So what, exactly, does informed mean? The guys in group ably demonstrate how the word conveys very litte. I suppose that "informed" means having recieved information. Do the guys mean that they have recieved information as the faithful recieve communion? "Take this and eat. This is the flesh and blood of literary genre consecrated in the sanctity of Saint Guttenberg." I doubt it. The OED, however, suggests that an early--and awkward--meaning of informed was: "of faith." More recent years has seen the meaning shift to "Instructed; having knowledge of or acquaintance with facts; educated, enlightened, intelligent."

Informed: acquaintance with facts.

"Hello. My name is George and this is my third week. I'm not yet familiar with group norms but I have met this charming fellow beside me: Mr. Facts. I am now informed... and content."

So informed is a throwaway term. Perhaps it's the state of having "knowledge" or "information". Are these terms similarly bankrupt? It would be a shame to demonstrate the futility of defining information. It seems that the favourite sport of certain colleagues is tilting against this inestimable (and perhaps wind driven) foe by asking the question: "What is information?"

It's nothing.

"This was my fourth week and I'll be back next week."

"How are you feeling."

"Informed. And loved."

Loved? So what does love mean? The OED coughs up a fairly lucid description: "In senses of the vb.; in attributive use now chiefly poet., exc. with prefixed adv. as dearly-loved, much-loved; ordinarily superseded by BELOVED." Huh? How about this one: "In royal and feudal documents, prefixed to personal names or designations; equivalent to the ‘trusty and well-beloved’ of English charters. Often with plural ending. " I'm quite certain that if asked, the guys in group would be unable to produce either of these definitions. Yet, we are all quite clear on having some idea about what love is. And we're not poets.

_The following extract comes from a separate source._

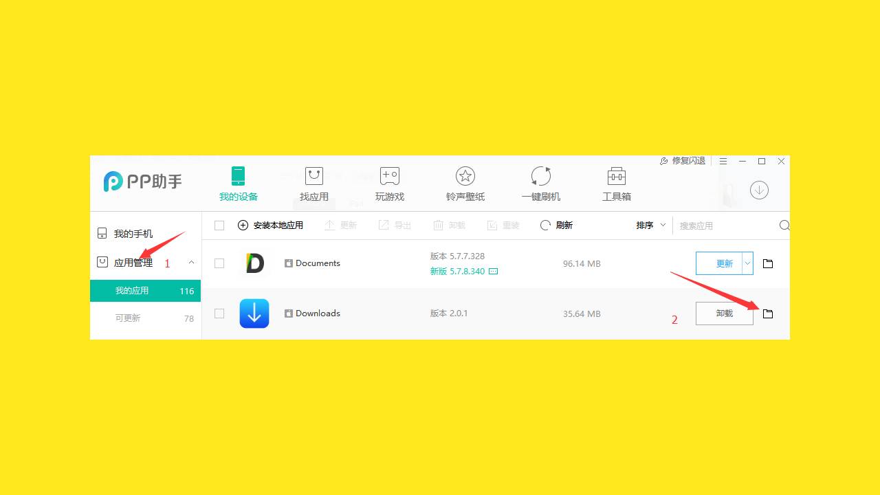 用数据线链接电脑,打开pp助手,点击应用管理,找到Downloads在点击后面文件夹图标!

Perhaps we can argue that our understanding of information is fundamentally different from our understanding of love. They're both the stuff of emotion but whereas we eschew defining love we strive to break information into quanta and render it to our devices. A critic may say that this quantified perspective is a product of our post-modern times, a result of our obsession with cybernetics and information theory. In the olden days (when?!), we focussed on continuity rather than bits. Shakespeare, however, seemed to use a fairly quantitative focus as he struggled to define love:

"Love goes toward love, as schoolboys from their books; / But love from love, toward school with heavy looks. / " [Romeo and Juliet (1595) act 2, sc. 2, l. 156]

[Ed. Upon reflection, this doesn't seem nearly as quantitative as I first read it to be. Too late to rewrite!]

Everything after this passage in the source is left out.